> **Dataset section**:
========================
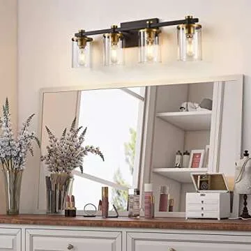 Show more Illuminate your space with the stunning Atocif Bathroom Vanity Light - a perfect fusion of modern sophistication and vintage charm. Crafted with attention to detail, this 4-light fixture features a sleek black and gold finish that enhances any decor, effortlessly transitioning from contemporary to classic designs. Its elegant clear glass shade not only diffuses light beautifully but also adds a touch of refinement, making it an ideal centerpiece for your bathroom, living room, hallway, or bedroom.
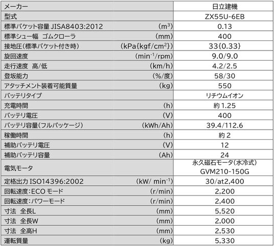 1.定格出力30kWの電動モータと容量39.4kWhのリチウムイオンバッテリを搭載し、エンジン機と同等の作業性能を確保
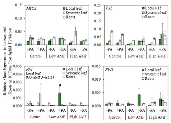 Figure 2. Relative gene expression in local leaf, systemic leaf, and roots after 24 h of herbivory by potato aphids (Macrosiphum euphorbiae) on potato plants (Solanum tuberosum). Non-infested non-mycorrhizal plants (−PA Control); potato-aphid-infested non-mycorrhizal plants (+PA Control); non-infested plants with a low level of AM fungal root colonization (−PA Low AMF); potato-aphid-infested plants with a low level of AM fungal root colonization (+PA Low AMF); non-infested plants with a high level of AM fungal root colonization (−PA High AMF); and potato-aphid-infested plants with a high level of AM fungal root colonization (+PA High AMF). The only PA*AMF interactions that were significant in the two-factor ANOVA were for ERT1 (roots) and MYC2 (local leaf). One-factor ANOVA followed by the Tukey–Kramer test was used when the interaction term was significant (PA*AMF p ≤ 0.05). Different letters indicate significant difference among treatments based on the Tukey–Kramer test (p ≤ 0.05). Values represent the mean ± SEM of three biological replicates and two technical replicates per treatment. The p-values from Table S1 were used to generate this figure. ACO1 = AMINOCYCLOPROPANE-1-CARBOXYLATE OXIDASE 1; AOC = ALLENE OXIDE CYCLASE; CalS12 = CALLOSE SYNTHASE 12; ERF1 = ETHYLENE RESPONSE FACTOR 1; ETR1 = ETHYLENE RECEPTOR 1; GA20ox = GIBBERELIC ACID 20-OXIDASE; MYC2 = BASIC-HELIX-LOOP-HELIX TRANSCRIPTION FACTOR; PAL = PHENYLALANINE AMMONIA LYASE; PI-I = POTATO TYPE I PROTEASE INHIBITOR; PI-II = POTATO TYPE II PROTEASE INHIBITOR.
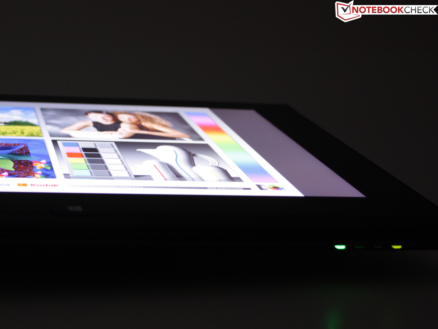 Die Luminanz erreicht mittig einen famosen Wert von 417 cd/m². Gäbe es da nicht die Drosselung im Akkubetrieb (182 cd/m².), dann wäre das jetzt ein Grund zum Jubeln. Die Helligkeit genügt zwar immer noch bei Weitem für Innenräume, sobald aber helles Sonnenlicht auftrifft, geht die Sichtbarkeit des Desktops verloren. Gerade weil die Glare-Type-Anzeige stark reflektiert, hätte es dem Nutzer überlassen sein sollen, wie stark er seine Hintergrundbeleuchtung bemüht. Das XPS 12 Convertible macht es richtig.
========================
> **How to complete this task**: Copy exactly, and copy nothing else: the lines from the start of the data above through the line that holds "1.定格出力30kWの電動モ". The pictures stay out.

> **Written response**:
 Show more Illuminate your space with the stunning Atocif Bathroom Vanity Light - a perfect fusion of modern sophistication and vintage charm. Crafted with attention to detail, this 4-light fixture features a sleek black and gold finish that enhances any decor, effortlessly transitioning from contemporary to classic designs. Its elegant clear glass shade not only diffuses light beautifully but also adds a touch of refinement, making it an ideal centerpiece for your bathroom, living room, hallway, or bedroom.
 1.定格出力30kWの電動モータと容量39.4kWhのリチウムイオンバッテリを搭載し、エンジン機と同等の作業性能を確保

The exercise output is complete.